Shout-out to Alex and the awesome co-hosts for today: SE White, Cathrina Constantine, Natalie Aguire, Joylene Nowell Butler, and Jacqui Murray!
June 1 question - When the going gets tough writing the story, how do you keep yourself writing to the end?
Feeling demotivated makes this question difficult to answer. I love writing. I truly believe it is the purpose of my soul, my life force, the energy that makes me me. Motivation and passion normally burn in me like that fire in Centralia. (Yes, I'm from this region. Yes, I've been to this place.)
Strong advice is to create a routine. Often, when depression or mind-numbing sorrow from too much mourning destroys the ability to function, the body can take on a sort of robotic routine. The coffee gets made, the bread becomes toast, teeth and hair get brushed... it's just going through the motions. Every single word I wrote while 🤖 existing that way is crap. It's dictionary vomit. The sentences qualify as such only because I picked out the correct parts of speech needed for words to form a sentence. The PURPOSE is to be able to say "at least I wrote today." Because not writing feels like failure, and the shame spiral continues and then there's nothing but failure and darkness. Guess where those words went...
I haven't honestly worked on my main project in a long time. My broken mind has thrown up roadblocks and other activities. I have dozens of reasons not to work on it. Give me a minute, and I'll come up with a dozen more. Do you know what'd be better? If I wrote a dozen sentences in the project instead. Or even edited some. Then again, while you can't edit a blank page, I have edited the crap out of some full pages. 🤦🏽♂️
There's always trying a new style of planning and plotting. I followed a different-to-me outline structure in April to get my A to Z story written. It was refreshing to finish a story. And this month, I'll be working on a short story for WEP's June challenge. ("This month's prompt is based on Please Read the Letter by Robert Plant and Alison Krauss - a break up song and a moving plea for understanding at the termination of a relationship." - https://writeeditpublishnow.blogspot.com/2022/05/wep-june-challenge-is-on-with-more.html ) A song I've never heard before by people I've never heard of... but the title makes me think of a line from This Ruined Puzzle by Dashboard Confessional. 🎵"I've written a note It's pressed between pages..."
Forgiving myself and trying again the next day is the only way I'll ever reach "the end."
Please also visit: The Insecure Writer's Support Group Book Club on Goodreads.
Happening at OperationAwesome6.blogspot.com:
Sara de Waard answers #13Questions in OA's Debut Author Spotlight Plus a Book #signedcopy #giveaway
Low enteries! Chance to win an autographed YA book. Closes soon.
None of this works toward my main project.
Unless I at least use my Existence characters.
🤔
That's an idea...
That's an idea...
Forgiving myself and trying again the next day is the only way I'll ever reach "the end."
Please also visit: The Insecure Writer's Support Group Book Club on Goodreads.

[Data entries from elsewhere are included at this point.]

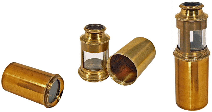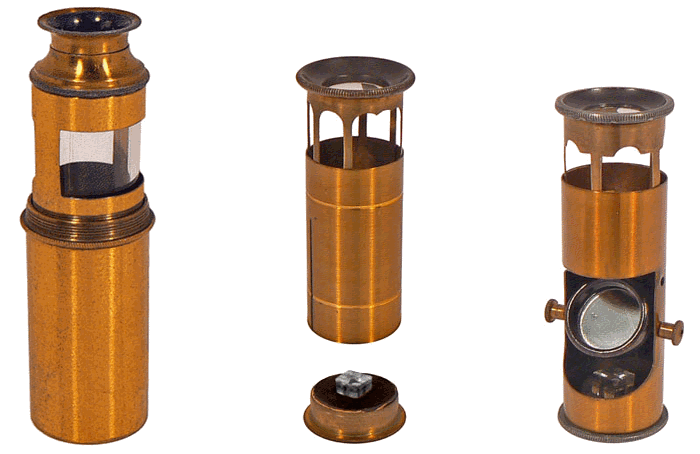 A gauche, l'étui cylindrique de 5 x 2,8 cm contient les éléments nécessaires à la mise en œuvre du microscope. Au centre, la partie optique et la cage en verre sont extraites de l'étui. A droite, le microscope est monté sur ce dernier : il mesure 8,5 cm. |
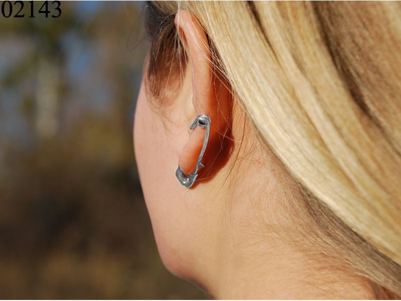 Еще одни серьги-каффы в нашем ассортименте – каффы «Булавки» из серебра 925 пробы. Что интересно?! Серьги одеваются как простые сережки на английском замке…. А потом задняя часть серьги заводится в перед. Кажется, что Ваше ушко проколото в двух местах.
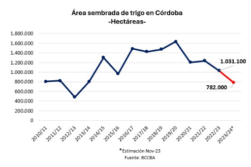Durante el primer semestre del 2023 el “El Niño” no se hizo presente y, con él, tampoco las esperadas lluvias. Partiendo de la condición hídrica heredada de la campaña previa y, sumando lo anterior, durante la ventana de siembra los suelos presentaban escasez de humedad en gran parte del territorio cordobés. Esta situación provocó una caída en el área sembrada de trigo, esperando futuras lluvias para ser aprovechadas por los cultivos estivales. En línea a lo anterior, el área sembrada para el cereal en la campaña 2023/24 se ubican en aproximadamente 782.000 hectáreas, disminuyendo un 24% interanual.
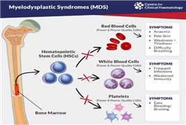 骨髓增生異常綜合征(Myelodysplastic Syndromes, MDS)是一組起源于造血干細胞的異質(zhì)性髓系克隆性疾病,其特點是骨髓中血細胞發(fā)育異常,導致外周血細胞數(shù)量減少,并且有較高的風險轉(zhuǎn)化為急性髓系白血病(Acute Myeloid Leukemia, AML)。MDS可以視為白血病的前期病變,大約30%的MDS患者最終會進展為AML。
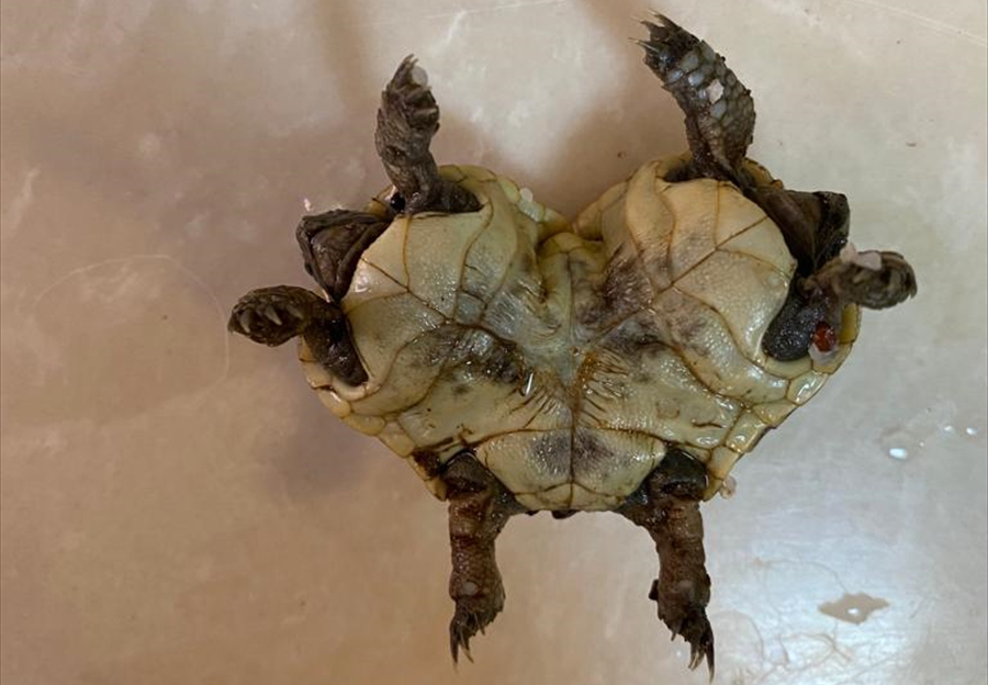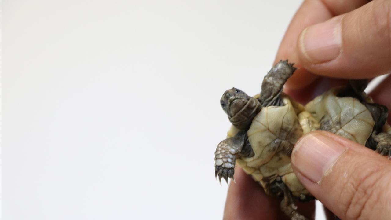 "Yakından baktığımızda bu türün siyam ikizi olduğunu da görebiliyoruz. Biraz daha detaylı bakınca mide kısmından başlamak üzere sindirim sisteminin tek bir açıkla dışarıya çıktığını görüyoruz. Aynı şekilde arka bacaklarda tek bir bireye aitmiş gibi görünüyor. Böyle bir türün doğada yaşaması çok zor. Biz de bu siyam ikizi kaplumbağaları laboratuvarımızda yaşatmaya çalışacağız, umarım başarılı oluruz."

Happening at OperationAwesome6.blogspot.com:
Sara de Waard answers #13Questions in OA's Debut Author Spotlight Plus a Book #signedcopy #giveaway
Low enteries! Chance to win an autographed YA book. Closes soon.
Great blog
ReplyDeletePlease read my post
ReplyDeleteYes, it's so true that the only way to reach the end is to continue writing. It's great that you're working on other projects while you're struggling with your main project. Maybe you can add 15 to 30 minutes of working on your main project to your day. I'm always surprised at what I can accomplish when I commit to working on a project for 30 minutes a day.
ReplyDeleteHopefully other projects will keep you going until you are refreshed and ready to return to the main one.
ReplyDeleteI keep a journal. When the times were really bad I started by journaling every day. But you're right there are no easy answers, just faith. Great post, J.
ReplyDeleteI wish I could establish a routine; I know you're right about that being a way to move ahead during those incredibly difficult times. My problem is that as soon as I think I have a routine, I don't. Something comes up to take me off into another direction, and poof...routine all gone.
ReplyDeleteI suppose if we had easy answers, we'd have nothing to write about at all.
I have learned to forgive myself if I don't write. Sometimes the story needs to brew for a bit before I know what comes next.
ReplyDeleteI'm a write-every-day sort of person, but sometimes you have to be kind to yourself, take breaks, journal (love Joylene's suggestion), work on something purely for the fun of it, or do something unrelated to writing that nurtures your soul. I hope things get easier for you.
ReplyDeleteI'm so sorry you're struggling. But you're right, forgiveness really is key to moving forward. You've got this!!